This is my Result
class:
public class Result
{
public DateTime Checked { get; set; }
public bool IsWorking { get; set; }
}
Let's say I have theese results in list:
Date: ..., IsWorking = true;
Date: ..., IsWorking = true;
Date: ..., IsWorking = false;
Date: ..., IsWorking = false;
Date: ..., IsWorking = true;
Date: ..., IsWorking = false;
Date: ..., IsWorking = true;
Date: ..., IsWorking = true;
I want to split them as following:
// group 1
Date: ..., IsWorking = true;
Date: ..., IsWorking = true;
// group 2
Date: ..., IsWorking = false;
Date: ..., IsWorking = false;
// group 3
Date: ..., IsWorking = true;
// group 4
Date: ..., IsWorking = false;
// group 5
Date: ..., IsWorking = true;
Date: ..., IsWorking = true;
I've managed something like this:
public static List<List<T>> SplitByEqualProperty<T>(this IEnumerable<T> inputs, string property)
{
List<List<T>> temp = new List<List<T>>();
temp.Add(new List<T>());
object previousSelector = null;
for (int i = 0; i < inputs.Count(); i++)
{
var current = inputs.ElementAt(i);
Type t = current.GetType();
PropertyInfo prop = t.GetProperty(property);
object currentSelector = prop.GetValue(current);
if (previousSelector == null)
{
temp.LastOrDefault().Add(current);
}
else
{
if (currentSelector.Equals(previousSelector))
{
temp.LastOrDefault().Add(current);
}
else
{
temp.Add(new List<T>() { current });
}
}
previousSelector = currentSelector;
}
return temp;
}
And this is working, but I don't like the code. Expecially part with string property
. How can I improve that?
2 Answers 2
You've tagged this linq so you're clearly aware of Linq, but this is not a Linq-like approach. The closest approximation in Linq is GroupBy
, so that can serve as a model:
- Instead of
string property
takeFunc<TSource, TKey>
. - Instead of
List<List<T>>
(which, apart from anything else, violates the principle of coding to the interface instead of the implementation) returnIEnumerable<IGrouping<TKey, TSource>>
(or, if you don't care about the value itself,IEnumerable<IEnumerable<TSource>>
).
Also, in Linq style, favour lazy implementation with yield return
.
I would advise you to rewrite from scratch with those principles in mind.

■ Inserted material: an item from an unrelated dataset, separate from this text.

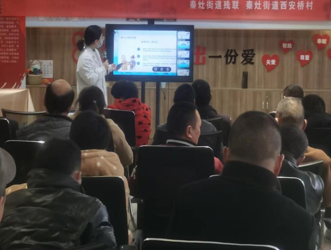 活动当天,来自秦灶街道社区卫生服务中心的专家们早早地来到了残疾人之家,他们带来了丰富的医学知识和实践经验,准备为残疾人朋友们提供一次全面而深入的慢病防治知识普及。活动现场布置得温馨而有序,不仅有专业的医学讲座区,还设置了义诊区,方便残疾人朋友们直接咨询和接受初步检查。
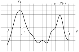 На рисунке изображен график производной функции f(x), определенной на интервале (−11; 3). Найдите промежутки возрастания функции f(x). В ответе укажите длину наибольшего из них.

But I must address one major problem in this code, lest you repeat it in the rewrite:
for (int i = 0; i < inputs.Count(); i++) { var current = inputs.ElementAt(i);
This is absolutely the wrong way to iterate over an IEnumerable
. The right way is
foreach (var current in inputs)
{
Otherwise if inputs
is lazy you do far more work than necessary, and potentially execute side-effects more times than you might expect.
Also,
if (previousSelector == null)
is problematic. What if this method is used with objects which actually have null
as a value of the relevant property? I think the best approach is to use the current IGrouping
: either initialise that to null
and test whether it's null, or initialise it to a grouping with key default(T)
and replace the special case with a special case which doesn't return an empty grouping.
Here's a Linq
approach that allows you to perform an analytical function on a collection, given a order by clause, and a predicate to determine whether the current item and the previous item (analytical lag) are in the same group. It can be extended to also take into account a partition, but that's out of scope to serve your purpose.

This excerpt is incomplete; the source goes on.